Hi all,
I am one of the co-authors of the IEEE Scale paper.
On Wednesday 23 July 2008, Dirk Riehle wrote:
Domas, thanks for your insights!
There is a fair amount of work on putting p2p architectures under wiki
engines but this work was the first to gain broader recognition, i.e.
win a prize at the IEEE Scale 2008 conference. So I'm assuming the work
is technically sound, even if it may not consider all the various
aspects of a real application. I asked one of the original authors to
comment on which of the issues you mention won't work well with their
architecture or whether they could easily be tacked on. Lets see whether
they'll show up.
> So, for now we have the task not to scale out
writes, but to scale
> reads (and read functionality) and maintain writes :)
According to the
wikipedia statistics 95% of the request are handled by the
squids. And scaling out the squids is not a hard problem. That is why we only
looked at the render farm and the databases.
As I understand the MySQL setup, you are running on a replicated MySQL
database. Read requests can be answered by any replica and write requests go
to all replicas. -> Adding more nodes does not increase your write capacity.
In our setup the replication degree is fixed. Every item is stored k times, no
matter how many nodes you are using. So the write capacity is increasing with
the number of database nodes.
>
> P2P designs work great for isolated data, our data is very
> interdependent (media, templates, links, categories, etc). It is
> difficult to establish data clustering easily, as there're multiple
> views from multiple directions.
> Now, once the P2P architecture has to maintain all that, I'd like to
> see what performs better in reasonable scaling requirements...
That is indeed
a problem. Our store only supports key-value pairs. You can see
it as a large map/dictionary. We basically denormalized the SQL scheme.

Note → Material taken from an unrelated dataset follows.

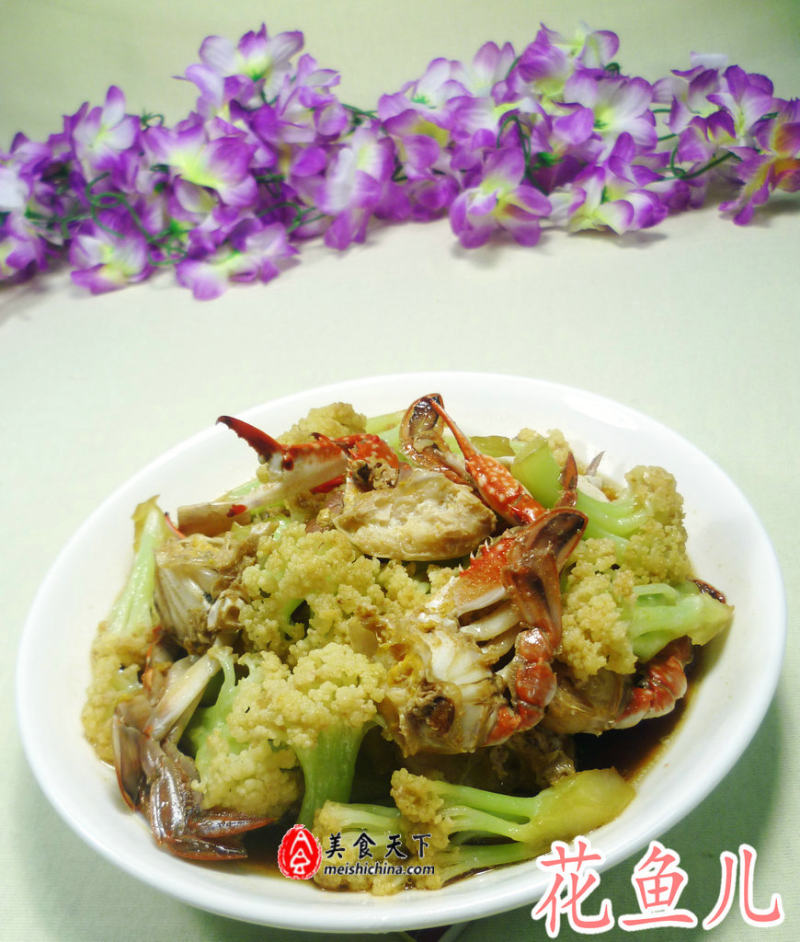 1:食材:花蟹(已清洗)、花菜(已清洗)

So we have one map for mapping title names to their content (list of
versions):
"title name" -> [page_content]
Another map stores the pages belonging to a category:
"category name" -> [title names]
You can add most features in this way.
When you update a page you have to update several of these maps. But that is
what the transactions are for.
>> This is a research project, but if their
numbers are right, they are
>> an
>> order of magnitude faster and leaner. Organizational and legal
>> implications aside, a p2p architecture like the Internet itself is
>> really what you would want for a next generation MediaWiki.
We looked at
several scenarios here. You could run a p2p system within your
data center because it scales better, is easier to maintain, etc. You could
run one p2p overlay over several datacenters (here: Florida, Amsterdam, South
Korea). Then you have to take care of data placement and network
partitioning. Or you could run the p2p overlay over the users' pcs. But then
you run into trust issues.
Thorsten